"You will need all your eyes to see much of the shore now," he said; "I have given her her wings."

Nitocris felt a shudder in the carpeted floor. Looking ahead she saw the bow lift slightly. Then a smooth, green swathe of water curled up on either side. She looked aft, and saw a broad torrent of froth, foaming like a furious, rapid stream away from the stern. The houses and trees on the shore seemed to run into each other, and slide out of sight almost before the eye could rest upon them. The water alongside was merely a blue-green blur. Nitocris involuntarily held her breath as though she had been out on deck.

"It is wonderful, Prince!" she said, almost in a whisper. "That alleged express from Hamburg was nothing to this: and yet how steadily she moves in spite of the speed. I should have thought that it would have nearly shaken us to jelly."

"That is the turbines, dear," said her father, who was already wondering whether Oscarovitch was doing this just to show how hopeless any pursuit of such a vessel would be. "They are a marvellous means of applying steam power. Lieutenant Parsons is robbing the sea of one, at least, of its worst terrors."

"Yes," added the Prince, "we are travelling a little over forty miles an hour; and if you got that speed out of reciprocating engines you would scarcely be able to lie on the deck without holding on to something, yet here we are as comfortable as though we were standing in a drawing-room."

"You have given us a new experience to begin with," said Nitocris, thinking how nice it would be to take her wedding trip with Merrill in such a craft as this. "Why, look at the two shores coming together, Dad!"

"No, excuse me," said Oscarovitch, "we are only about half-way to the Gate of the Baltic yet. That land on the right is the island of Hvreen. When we have passed that you will soon see the heights of Elsinore and Helsingborg rising ahead. There are only about two and a half miles between Denmark and Sweden there."

"Oh yes, of course. I am forgetting my geography," laughed Nitocris, as the low, wooded patch of land came rushing towards them as though it were adrift on a fast-flowing stream. "Goodness, what a speed!"

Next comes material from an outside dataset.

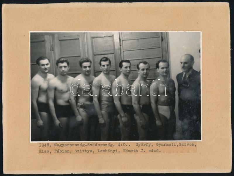 1948 Magyarország-Svédország 4:0 vízilabda mérkőzés, kartonra ragasztott fotó, 11×17,5 cm

"A very wonderful craft, Prince," added the Professor, as the island drifted past; "she quite inclines me towards a breach of the tenth commandment. Now that you have given us this taste of the delights of speed, I think that if I were a millionaire, I should try to build one to beat her."

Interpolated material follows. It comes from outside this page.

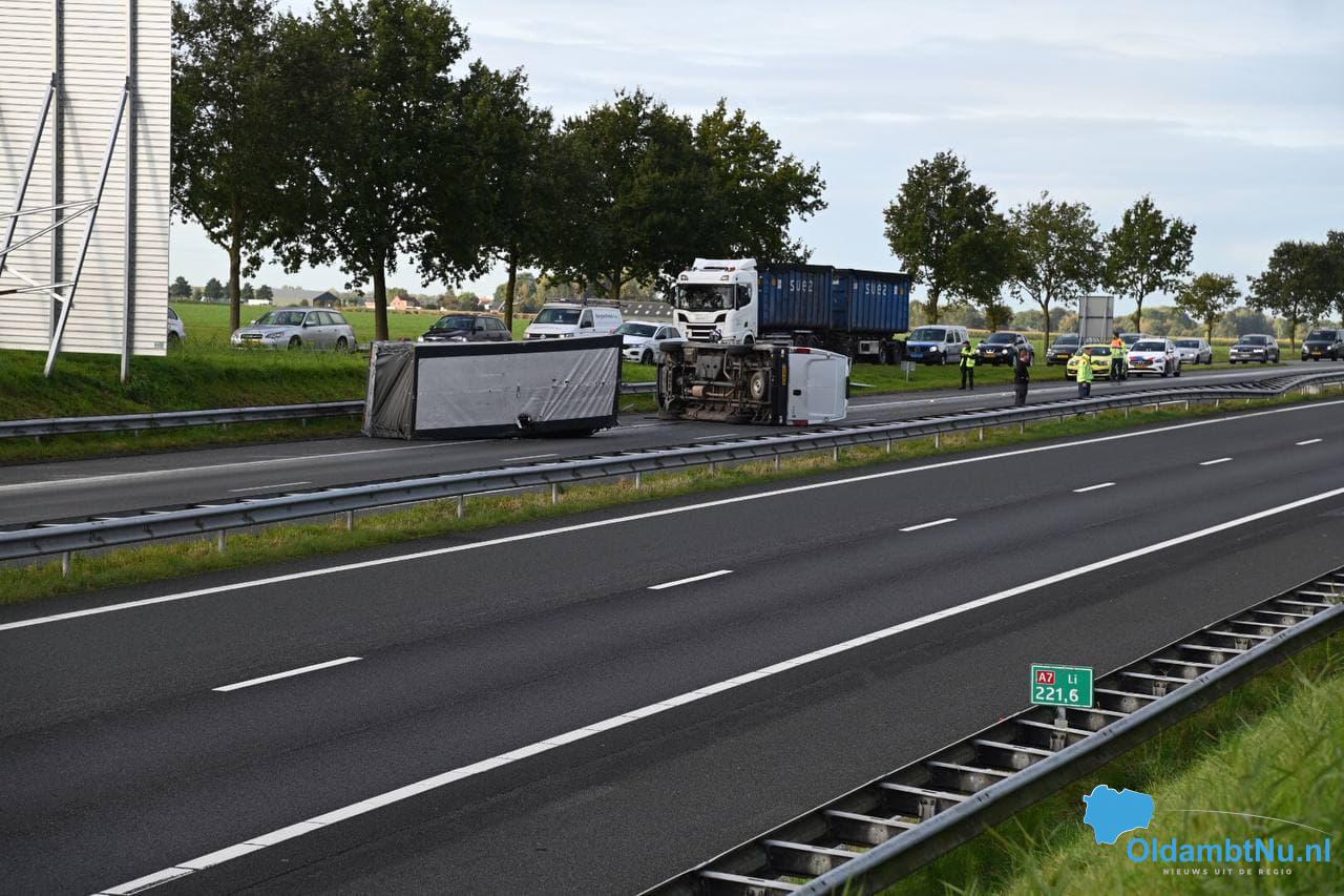 Zuidbroek – De A7 richting Winschoten is ter hoogte van Zuidbroek afgesloten. Dit wegens een gekantelde bestelbus met trailer. Het verkeer kan het incident passeren via de op- en afrit. De hulpdiensten zijn ter plekke en de chauffeur wordt gecontroleerd door het ambulancepersoneel. Het is onduidelijk hoe het incident heeft plaats gevonden, de hulpverlening is gaande.

"Exactly," laughed Oscarovitch. "It is marvellous this fascination of speed. Your poet, Henley, touched the pulse of the times when he wrote those splendid lines of his. But surely, Professor, you would not have very much difficulty in leaving all far behind. A man to whom mathematical impossibilities are as easy as an addition sum ought to be able to realise the dream of the ages and solve the problem of aerial navigation."